Thus, the user can set the thinning-out conditions as desired.

It should be noted that lots of other thinning-out methods can be envisaged. For example, it is possible to limit the number of association lines connectible to one document (the number of document pairs in which associations between the one document and its counterparts are made valid).

Further, if there is a substitute path (association made via another document) in the relationship between a document pair, it is possible to invalidate the direct association between the document pair. This technique has been proposed by the present applicant in Japanese Patent Application No. 2002-343744.

Thus, the thinning-out of associations between documents can be performed. As a consequence, when a relation chart is displayed, documents are connected only by important association lines, which facilitates the user's understanding of relations between documents.

[Document Layout Calculation (Step S15)]

Next, a description will be given of a document layout calculation. Here, a method will be described in which documents are laid out such that chronological order is preserved only in documents associated with. For details of the method of document layout which can be employed in the present invention, reference should be made to “Kozo Sugiyama, “Automatic Graph Drawing Method and Application thereof” Corona Publishing Co., Ltd. 1993”. The following description will be given of a relatively simple one of examples of the method described in the above-mentioned reference.

FIG. 15 is a flowchart showing a procedure of steps executed in a document layout-calculating process. Now, the process shown in FIG. 15 will be described in the order of step numbers. In the present embodiment, the time axis is represented by the horizontal axis, and it is assumed that time flows from left to right.

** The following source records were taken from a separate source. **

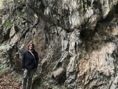 Philipp vor einem Aufschluss nahe Giershagen. Alterierte Basaltoide aus dem Mittleren Devon verzahnen mit Sedimenten.
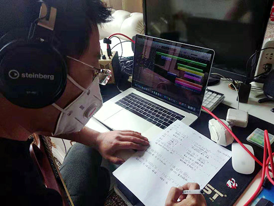杭錦旗烏蘭牧騎隊員劉洋在創(chuàng)作歌曲《英雄》。受訪者供圖
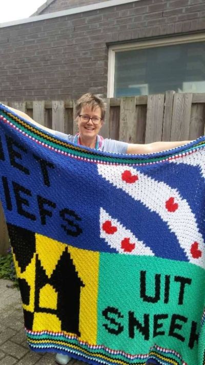 Akkelien Smink maakte een ontwerp voor een Sneek-deken. Ze haakte 'm ook en inmiddels is de deken in Leeuwarden en kreeg nummer 10.041. Al ruim langs de 10.000, het record is bereikt. Op 14 en 15 juli zullen alle dekens in Park Vijversburg in Tytsjerk liggen.
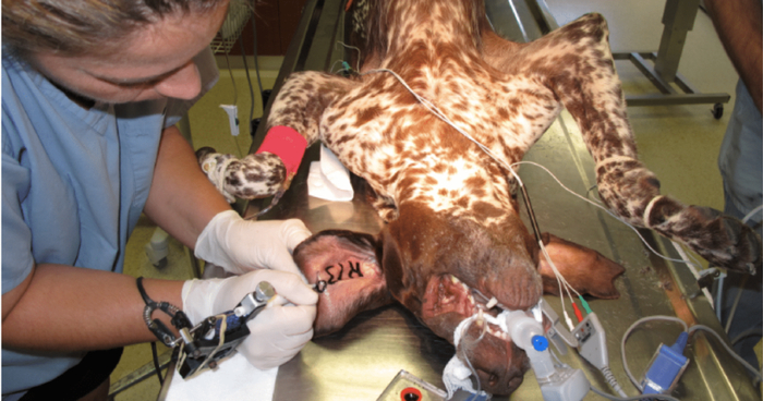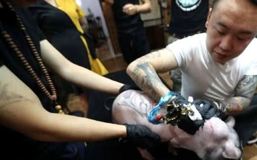 狗不愿意怎么办?没事儿,狗的意志是以人的意志为转移的,专业的纹身店早就准备了麻醉气体。虽然宠物从麻醉中醒来的概率只有50%。
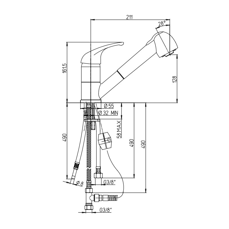 Total hose length of the pull-out hand shower: 120 centimetres.
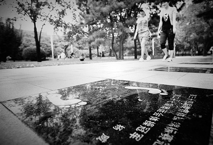 北京体育大学校园内,还留有杨威的脚印 摄/记者柴程
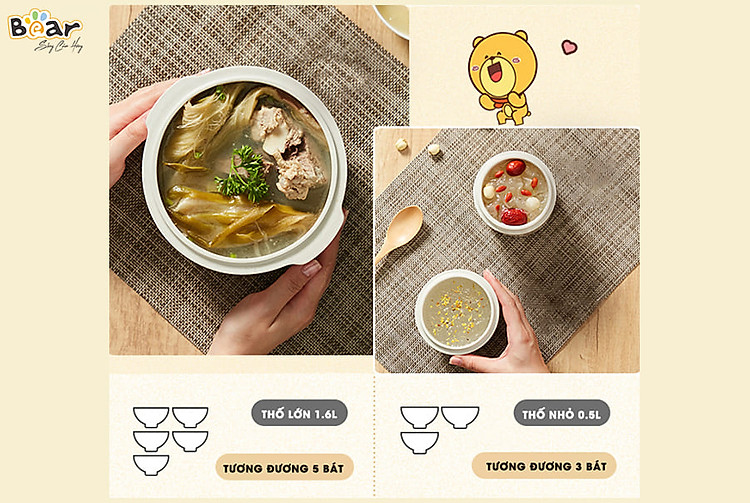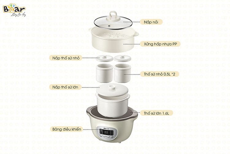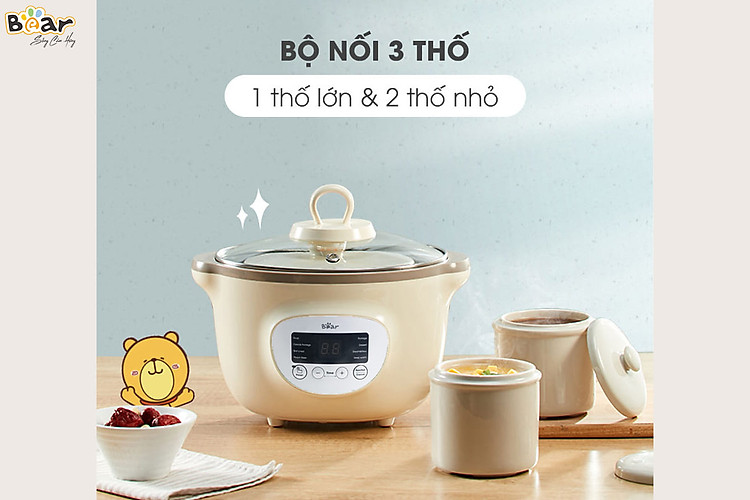 Nồi nấu chậm 1.6l Bear với thiết kế nhỏ gọn tích hợp lồng hấp xinh xắn và tiện lợi, đã trở thành một trong những mặt hàng “quốc dân” được tin dùng tại Việt Nam và thế giới. Bear DDZ-D16J3 xứng đáng là sản phẩm nhà bếp thế hệ mới bắt kịp xu hướng đồ gia dụng nhà bếp hiện đại, vừa đảm bảo các tính năng nấu ăn hấp hầm/nấu cháo cho bé, vừa đảm bảo tính thẩm mỹ cho căn bếp gia đình bạn.

[Step S41] The document layout-calculating section 140 lays out objects indicative of documents (hereinafter referred to as “document objects” at random, and arrows indicative of association between document objects are created using the feature element management table 41 and the association-thinning information 43. More specifically, an arrow is created between documents of each document pair for which association is validated, which is directed from an older one of the pair in chronological order to a later one of the same.

[Step S42] The document layout-calculating section 140 arranges all the documents such that arrows attached to the documents are directed to the right (in the direction of flow of time).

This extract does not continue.